José Díaz Cervera
I
El panorama, hasta el mediodía del 5 de abril, era el siguiente en cifras cerradas: 3,650 contagios de COVID-19, 180 muertos, 100 personas dadas de alta. Los números pudieran no ser alarmantes en sí mismos, salvo por su relación con la cantidad de habitantes, la capacidad hospitalaria y la tasa de contagios (que en Ecuador es de las más altas del mundo). Además, el colapso se manifiesta en la llamada “crisis de cadáveres”, que exhibe la incapacidad del Estado para el manejo de los cuerpos de las personas fallecidas, problema que se constituye como una amenaza adicional (se habla de cadáveres dispuestos dentro de contenedores y sacados por los familiares a las calles).
Lo que llama la atención de la crisis sanitaria ecuatoriana es su dramatismo. El gobierno fue uno de los primeros en tomar medidas de aislamiento epidémico y, aun así, la crisis se desbordó, lo que permite conjeturar tres cosas: que no por mucho madrugar amanece más temprano (al menos en lo que concierne a la epidemia que vivimos), que ninguna medida gubernamental es suficientemente efectiva sin el apoyo de la ciudadanía y, finalmente, que hasta ahora ningún gobierno ha sabido con mediana precisión qué hacer en una situación como la que se vive en el mundo, pues la mayoría de las estrategias tiene un carácter casuístico que genera que las decisiones se tomen sobre las rodillas a partir de criterios muy diversos y casi reactivos a las circunstancias del momento. Uno podría, sin embargo, pensar que los países de mayor nivel de desarrollo tendrían mayor capacidad de respuesta y tácticas sanitarias previstas al menos en sus líneas generales, pero nada de ello ha aparecido en esta crisis que necesariamente dará un fuerte golpe a la economía mundial y que será particularmente feroz con los países más pobres. Lo que asoma en todo esto no es otra cosa que la gran debilidad de los Estados nacionales (sobre todo de los países emergentes) frente a un liberalismo que los fue socavando en todos sus órdenes.
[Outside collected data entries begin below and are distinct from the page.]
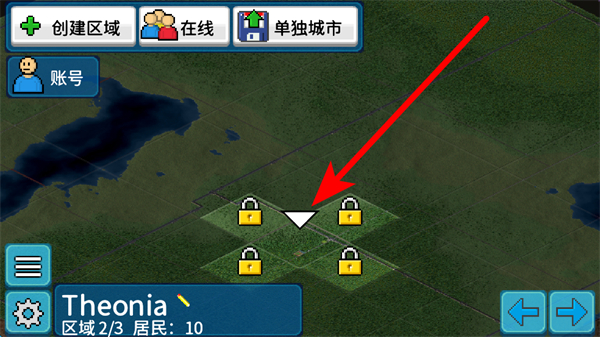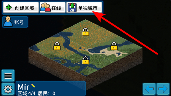 1、進(jìn)入游戲后,可選擇單獨(dú)城市模式,也可以解鎖區(qū)域,選中如下圖想要的區(qū)域點(diǎn)擊即可。
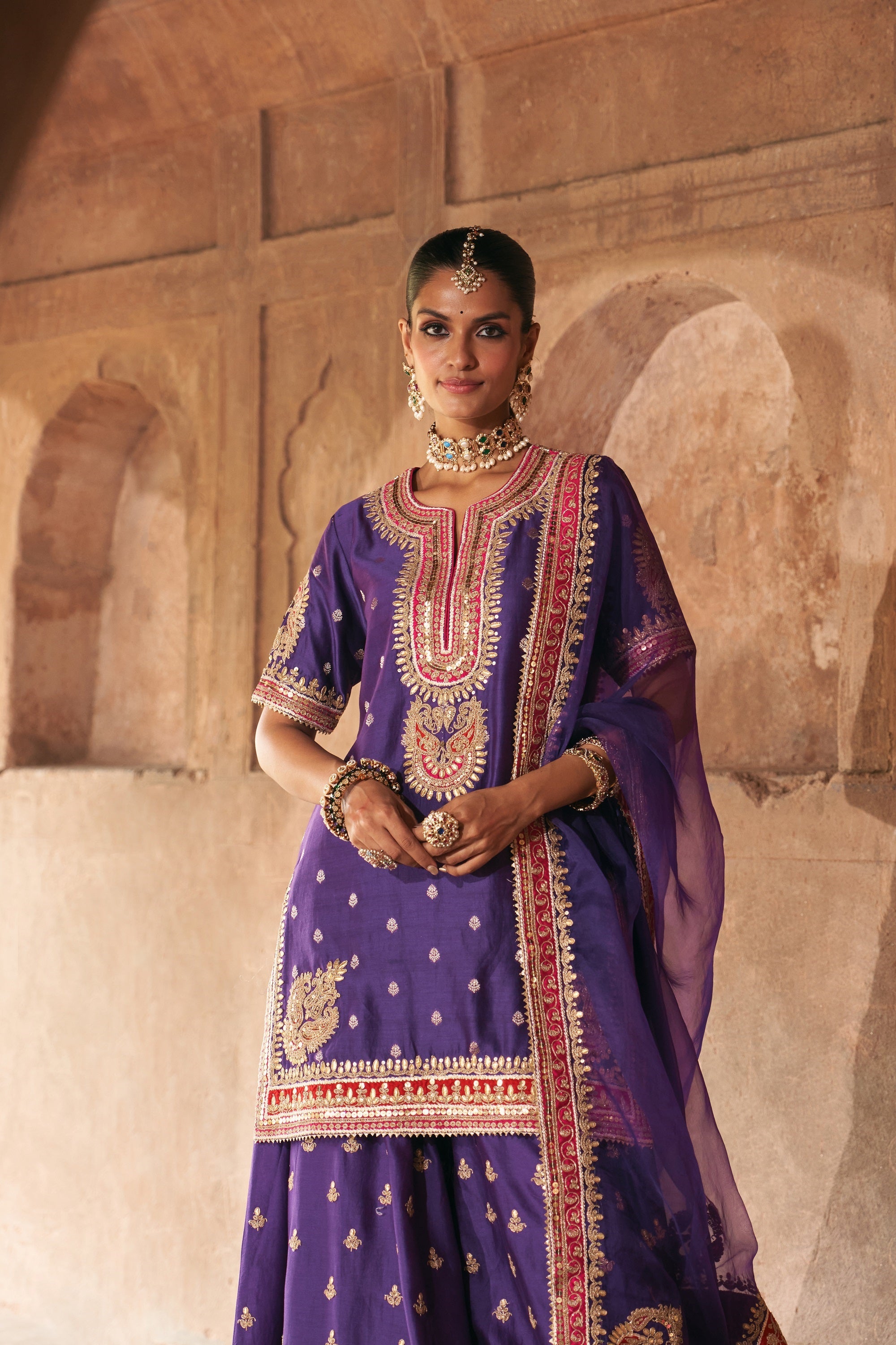 Areesha - deep purple short kurta with sharara and dupatta
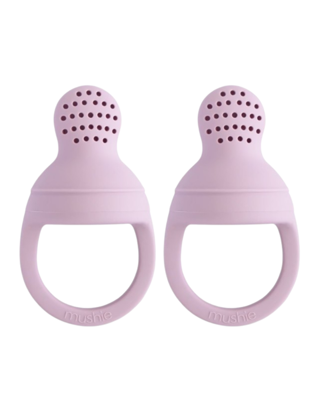 Pack de 2 alimentadores de silicona Mushie: Diseñados para introducir al bebé en la alimentación complementaria de forma segura, permitiéndole descubrir sabores y texturas sin riesgo de atragantamiento.
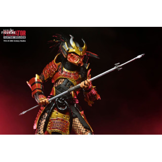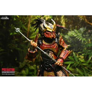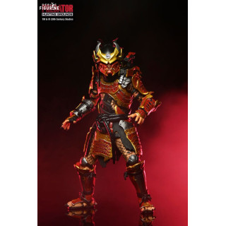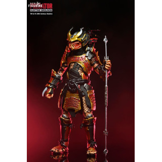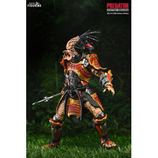 Le Yautja se présente ici en armure complète de samouraï, ornée de dorures, de rouge sang et de gravures inspirées des kabutos les plus intimidants. Son casque, fusion entre technologie alien et masque démoniaque, est amovible et laisse apparaître une mâchoire terrifiante. Il est équipé comme il se doit : sabres, lames, shurikens et lances de chasse retravaillées dans un style martial aussi classe que létal.
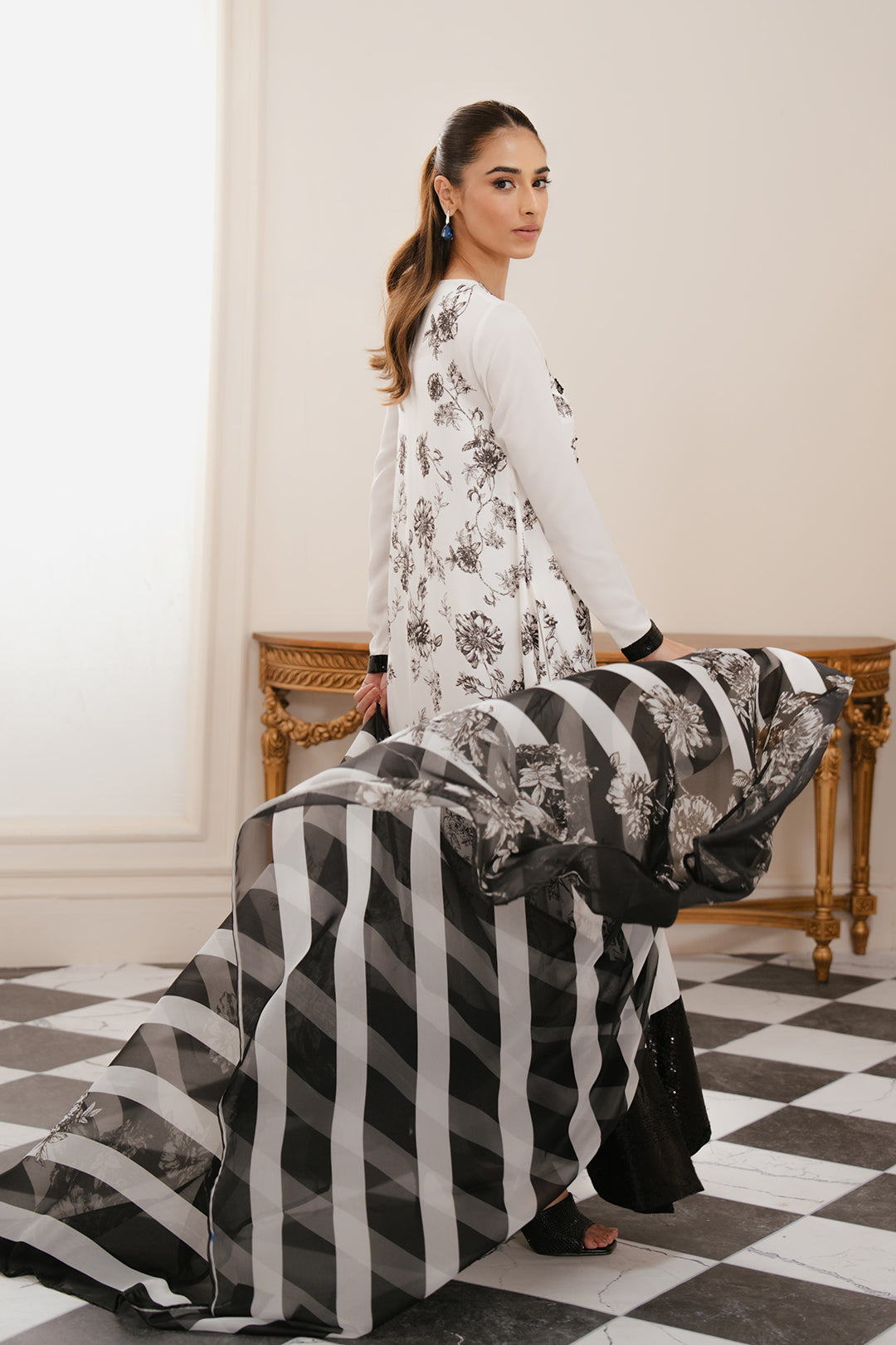 Black & white dupatta made in soft silk fabric in floral print.
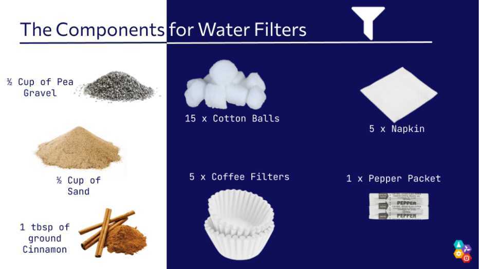 Students will learn about the water treatment process. By applying the fundamentals of wastewater treatment in order to design a small-scale filtration system, students will assess how effectively their designs produce “cleaner” water.
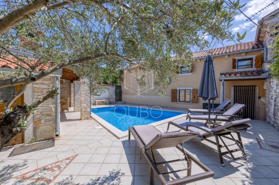 Nekretnina se sastoji od ugodnog dnevnog boravka, kuhinje s blagovaonicom, spavaćih soba i kupaonica, dok vanjski dio nudi privatno dvorište s bazenom, sunčalištem i natkrivenim prostorom za druženje. Tradicionalni istarski stil uspješno je spojen s funkcionalnošću i udobnošću.
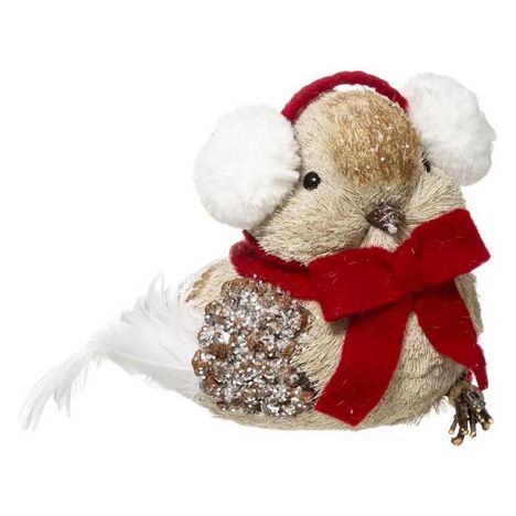 Informations Techniques : Dimensions : L. 23 x l. 21 x H. 32 cm Matières : Polystyrène, Coton & Polyester Spécificités : Pratique & Utile Statuette Déco A Poser Design Oiseau de Noël avec Cache Oreilles Poids : 0,285 kg Couleur : Beige & Rouge
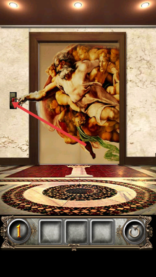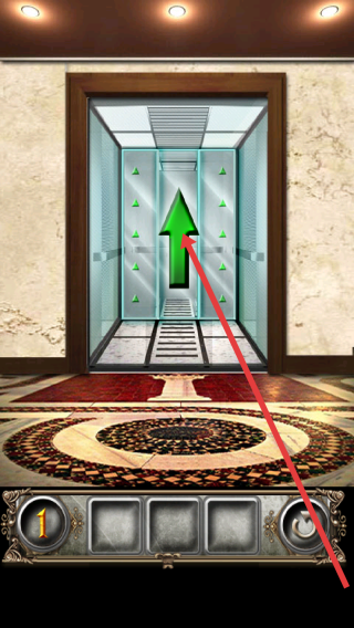 1、初始場景,按箭頭指引,點(diǎn)擊門側(cè)把手,查看場景里的物品及空間,嘗試開門,推進(jìn)關(guān)卡。
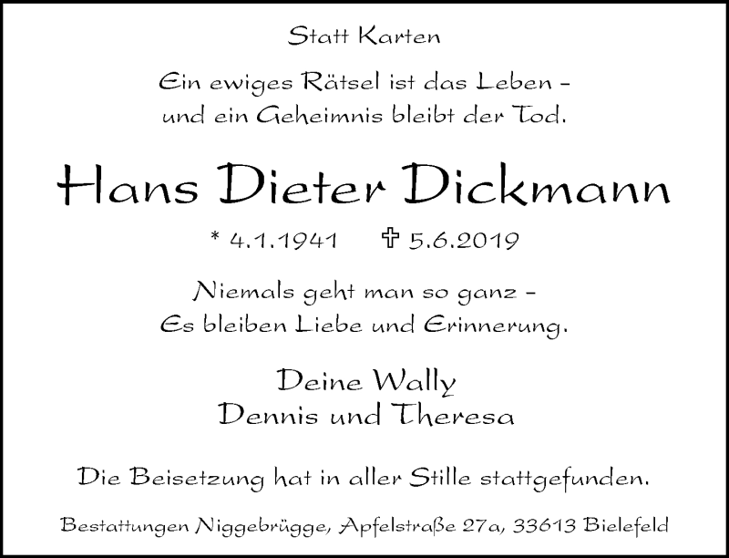 Hier finden Sie alle Traueranzeigen aus der Zeitung, die bisher für Hans Dieter Dickmann erschienen sind. Weitere Traueranzeigen, die in der Zeitung erscheinen, werden hier ebenfalls aufgelistet
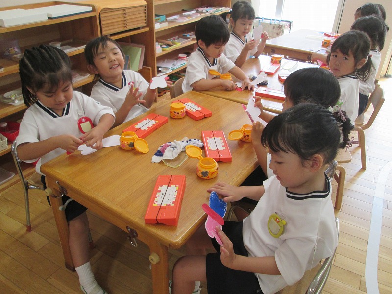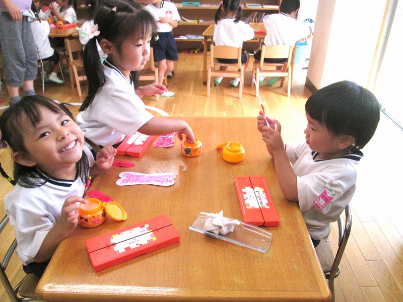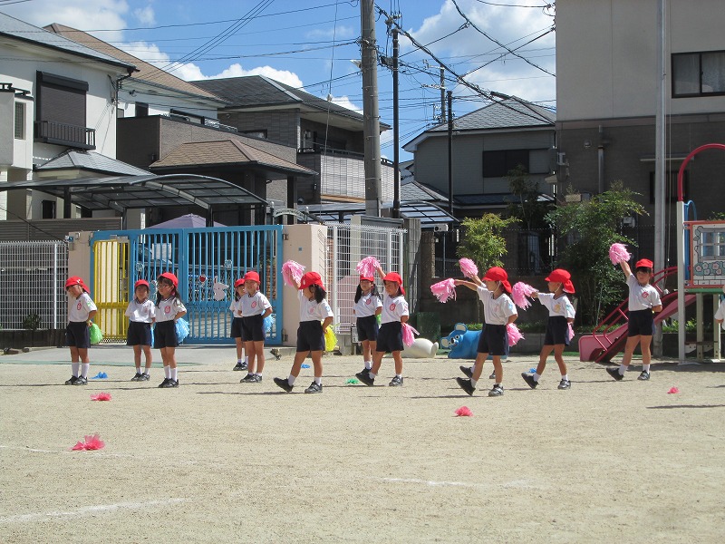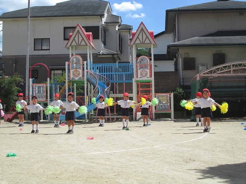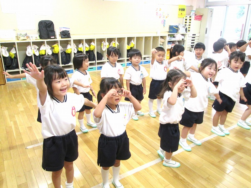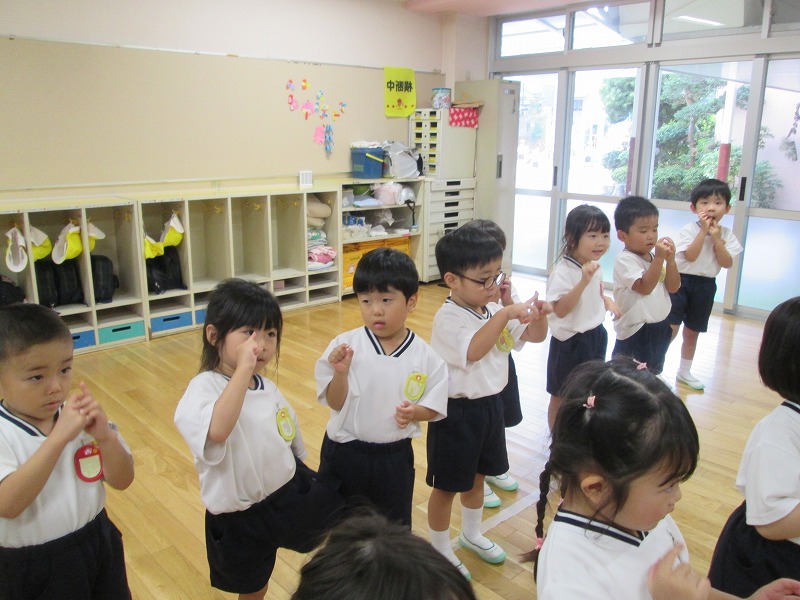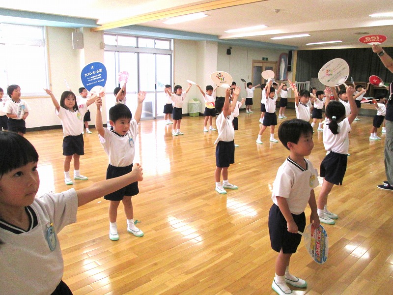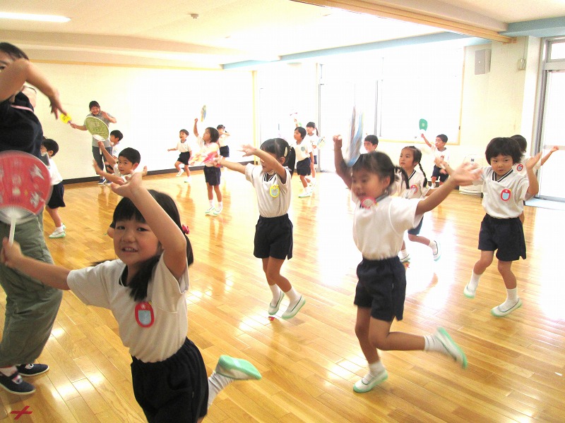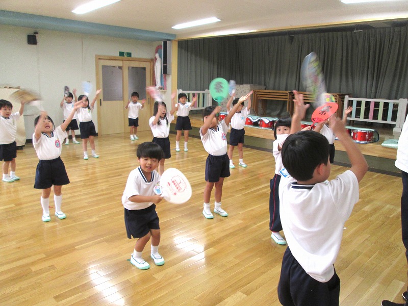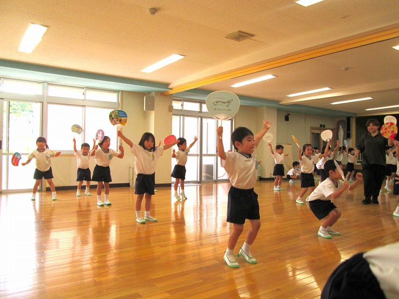 おゆうぎ室では、一人ひとりがうちわを持ってDANCE!
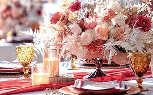 パーティ会場とは別に設けられたデザートタイム専用会場は、ゲストとより近い距離で過ごせる特別な空間。華やかな披露宴とは趣を変え、リラックスした雰囲気の中で一人ひとりとゆっくり言葉を交わせます。スイーツを楽しみながら自然な笑顔があふれるひとときは、これまでにない新しいウエディングスタイル。ふたりらしいおもてなしで、心に残る温かな時間を演出します。
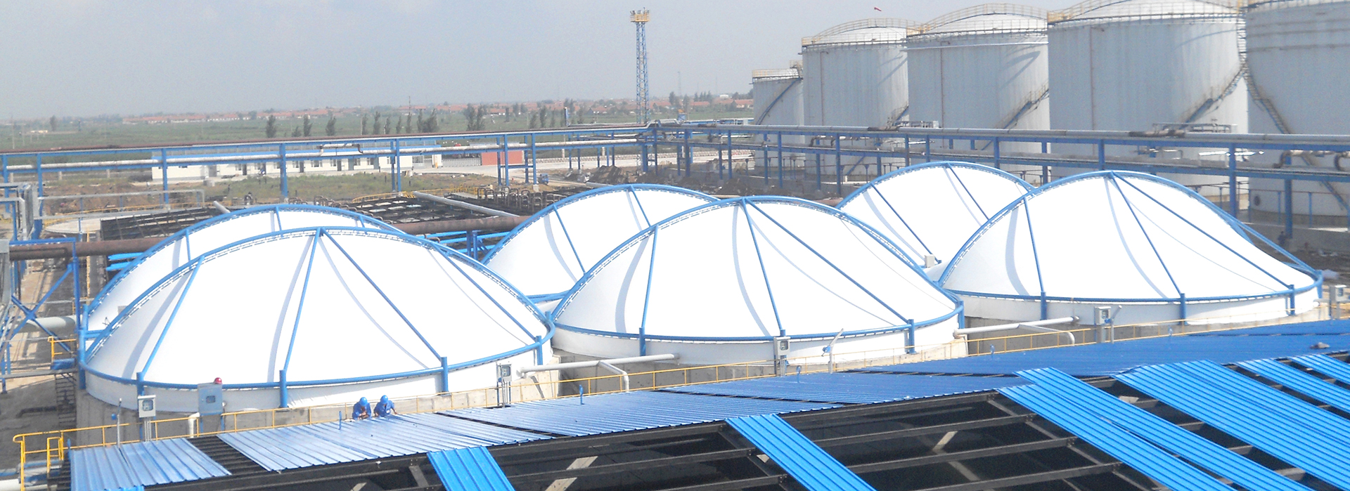 大型池體(如污泥氧化溝、濃縮池、消化池)的氣體收集及污水池處理等是生態(tài)環(huán)保的一項(xiàng)大工程。膜結(jié)構(gòu)材料特有的大跨度、韌性好、耐腐蝕、使用年限久等性能恰恰滿足,為關(guān)愛人民,構(gòu)建和諧社會(huì),創(chuàng)建優(yōu)美的生活環(huán)境貢獻(xiàn)力量。

Aquí valdría la pena hacer una distinción fundamental entre la noción de gobierno y la noción de Estado, para que así tratemos de ensayar una explicación de lo que sucede y del caso particular de Ecuador.
Hegel decía que la noción de Estado es una de las conquistas magnas del Espíritu Absoluto. En su idea de Estado, Hegel considera fundamental la distinción entre derecho y moralidad como ese factor sin el cual es imposible el ejercicio de la libertad. La preocupación central de Hegel parece encaminarse a tratar de entender qué es aquello que posibilita la sociabilidad humana y, en ese afán, concluye que el Estado es esa instancia donde las comunidades encuentran los factores que los aglutinan por encima de cualquier interés individual o de grupo. Un Estado fuerte (entendido como una comunidad ética racionalmente constituida en torno a la conquista de la libertad individual) genera –paradójicamente– colectividades con un alto sentido de pertenencia a una comunidad.
La trampa, sin embargo (o por lo menos la confusión), está en identificar conceptualmente al Estado con el gobierno; en todo caso, éste último es sólo un componente del primero. Si nosotros analizamos lo que ha ocurrido en América Latina desde los años noventa del siglo pasado, observaremos que con el pretexto de reducir la obesidad de los gobiernos, lo que se ha llevado a cabo es un dramático debilitamiento del Estado y la consecuencia es una especie de divorcio entre el poder político y la sociedad civil.
Lo que ha sucedido es que los gobiernos son cada vez más fuertes y tienen mayores posibilidades de imponer y/o defender los intereses de grupos particulares, pero, paradójica y quizá hasta truculentamente, esa fuerza deviene del debilitamiento sistemático del Estado, dejándolo sin ninguna capacidad para resolver problemas como el que ahora representa la crisis sanitaria en que vivimos. En un Estado frágil los gobiernos toman su fuerza de los grupos oligárquicos, y no tienen otra alternativa que el uso de la coerción física en un ámbito de poca credibilidad donde la comunidad ética está resquebrajada como tal.
Un panorama como el descrito nos muestra que la práctica del individualismo vicioso no nos permite la realización del valor de la libertad individual y ello se ha hecho evidente en esta pandemia que ahora vivimos en medio de una gran incertidumbre. Ecuador está sufriendo los estragos de todo ello; no hay decisiones de Estado, sino solamente la necesidad de ganar terreno a costa de la derrota de los demás. Nadie suma a favor del Estado y allí están las claves de la tragedia.